As we looked at suspensions, we are on pace to reduce total suspensions by 15% when compared to last year. Further analysis of these numbers shows a reduction of suspensions for all of our identified subgroups.

JFK has used multiple sources of quantitative and qualitative data to measure the success of the PLC goals. Student Development and success is measured through A-G numbers, student pass rates, and student enrollment in Honors and AP coursework. In 2006, the A-G rate for JFK graduates was 23%. In 2018, 59% of JFK seniors were A-G eligible. That is more than double the number in 12 years. Seniors are also interviewed as they graduate to share what made the biggest difference in eligibility. In 2011, 11% of JFK students were enrolled in an Honors or AP course. This year that number has grown to over 46%. This data is compiled and shared with all members of the PLC. The most valuable data collected for student development are the student requests which lead to the development of the master schedule. Data collected measures how prominent the strategies are in our classrooms. Data collected from Instructional Rounds is shared with staff and other stakeholders as well. In April of 2018, Instructional Rounds data revealed that at least 1 of the Big Three strategies were being used in 66% of classrooms school-wide. In addition, results showed that 16% of students were working at level 1, 22% were at level 2, 41% were at level 3, and 21% were working at level 4 in the Depth of Knowledge. Since 2013, 12 athletic teams have earned recognition of NCS top Academic Team, and have received banners for their accomplishment.

A comprehensive parent survey was given at the end of the 2018 School Year in an effort to collect data about how parents felt about the changes at Kennedy. The results from the survey showed that 85% of all parents agreed that Kennedy creates an environment that helps children learn. 92% of parents agreed that Kennedy values the diversity of Children’s background, religions, and beliefs. 82% of parents agreed that Kennedy’s communication about their child’s academic progress is understandable and timely. 86% of parents agreed that Kennedy encourages all students to enroll in challenging courses regardless of racial, ethnic, or socio-economic background. 78% of parents agreed that Kennedy provides effective counseling and social-emotional support for students. 85% of parents agree that Kennedy promotes parental participation in school. 86% of parents agree that Kennedy makes them feel respected and welcome when they visit.

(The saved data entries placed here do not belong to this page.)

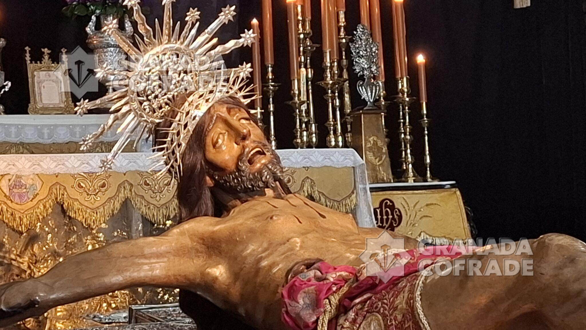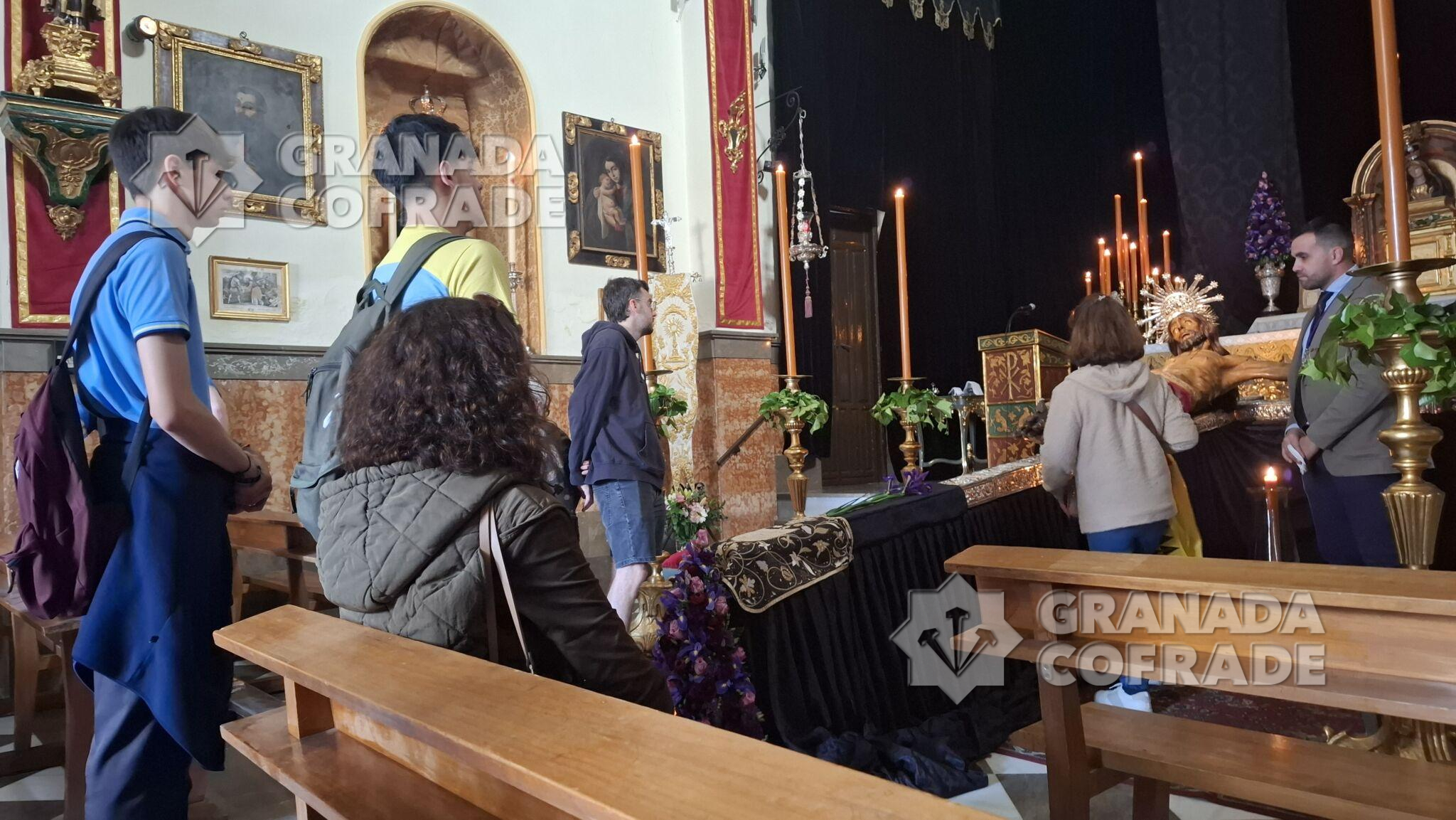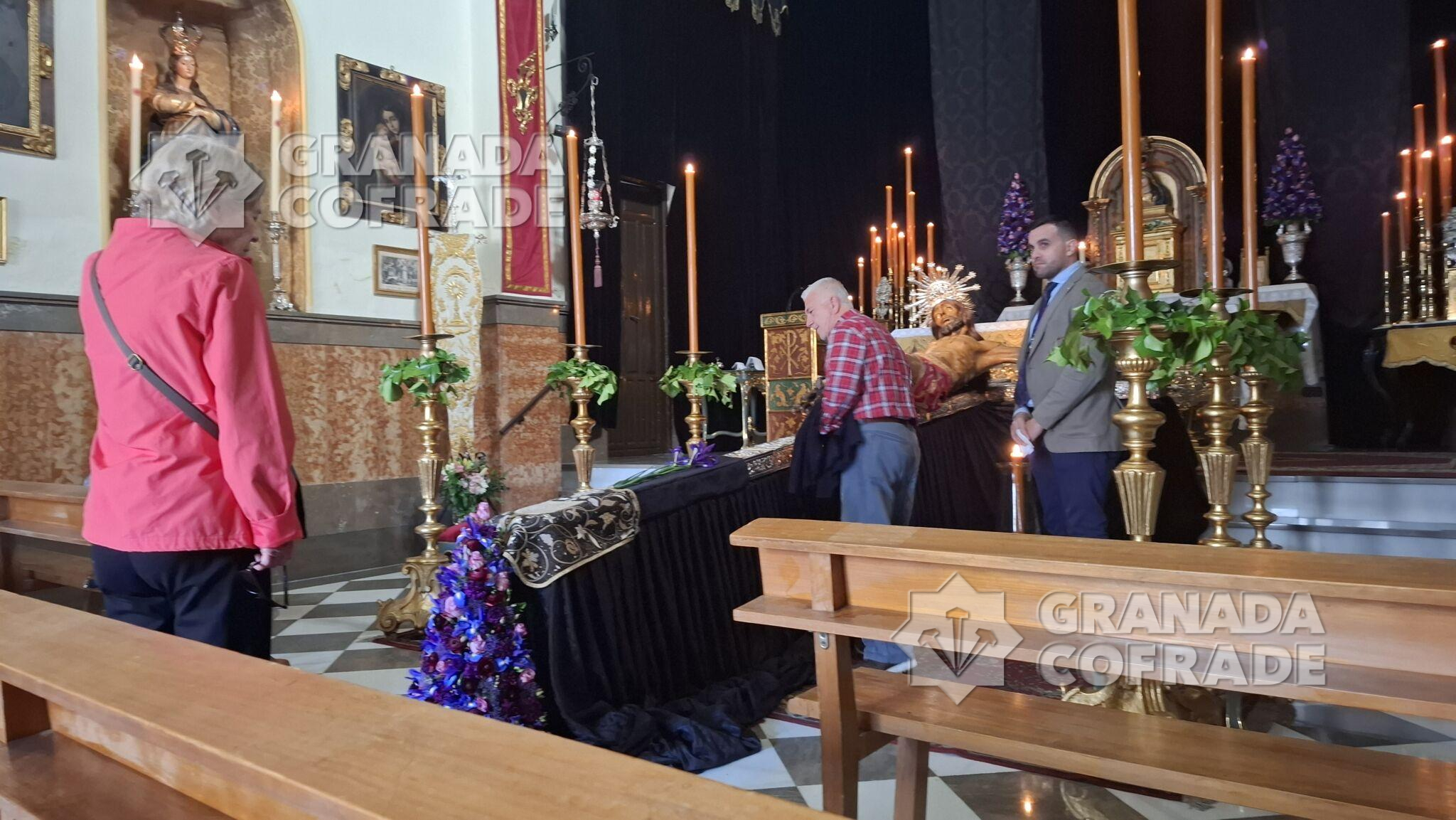 El Sagrado Protector de Granada recibió ayer cuantiosas visitas de hermanos y devotos que quisieron acompañarlo en estos últimos días de la cuaresma de 2025 ya próxima su subida al paso procesional para presidir la estación penitencial del Lunes Santo. La venerada imagen del Crucificado de Jacobo Torni se presenta a los pies del presbiterio, vistiendo sudario bocado en sedas con un centro de lirios a los pies y seis blandones dorados custodiándolo, en una estampa típica de cada Jueves de Pasión.
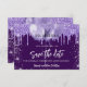 A dark purplebackground decorated with violet, lavender coloured faux glitter and balloons. Personalise and add a date and name/age. The text: Save the Date is written with a large trendy hand lettered style script.
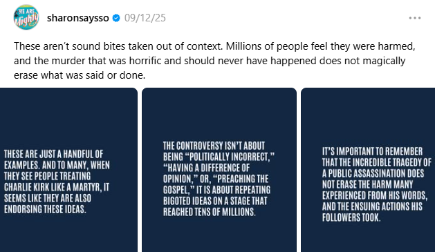 However, on September 12, just two days following Kirk's assassination, McMahon smeared Kirk with several quotes taken out of context in an attempt to characterize him as a racist with "bigoted ideas" that he spread "on a stage that reached tens of millions."
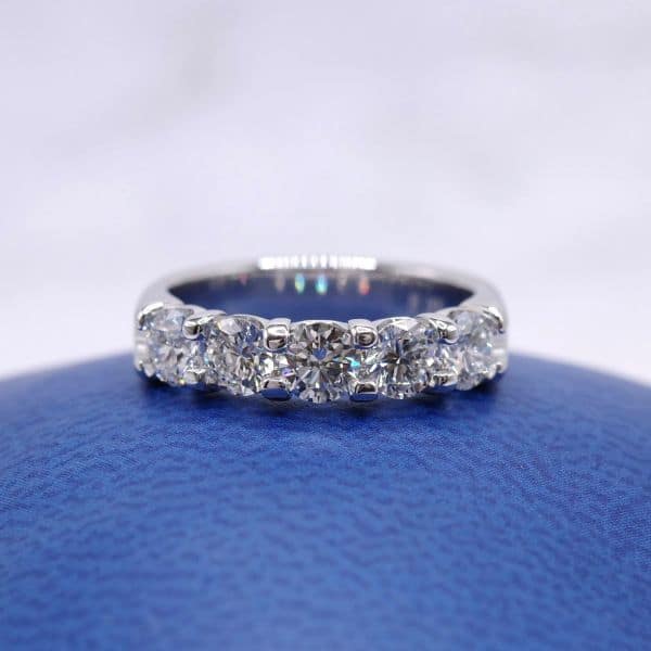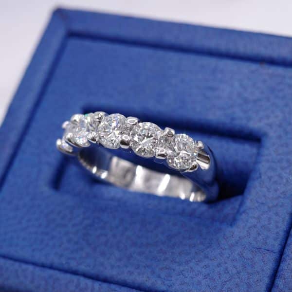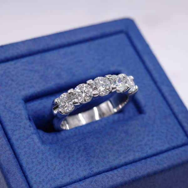 This platinum wedding band features 5 Full-Cut Diamonds totaling 1.26ctw. Please see additional information.
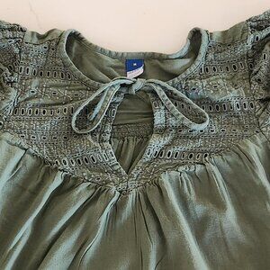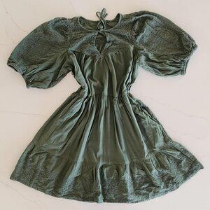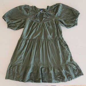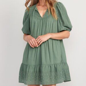 Old Navy Sz M Puff-Sleeve Tiered Embroidered Mini Swing Mini Dress Green Boho

In June of 2018, the leadership team conducted a survey of our Titan Up Time with both staff and students. The results showed that 85% of both staff and students were in favor of continuing the model. We then surveyed students and asked for suggestions and needs for future supports. Using this feedback, we have continued to evolve to meet the needs of all students through data analysis, surveys, and reflection on professional practice. The final measure of success in regards to this program is that the Department of Education and State Superintendent Tony Thurmond has recognized our school as a California Distinguished School. Kennedy high School receives this honor for our efforts and success in closing the achievement gap and showing academic growth for ALL student groups. This is data and a measure of success that cannot be ignored, as it is the first time John F Kennedy High School has ever been recognized for this honor.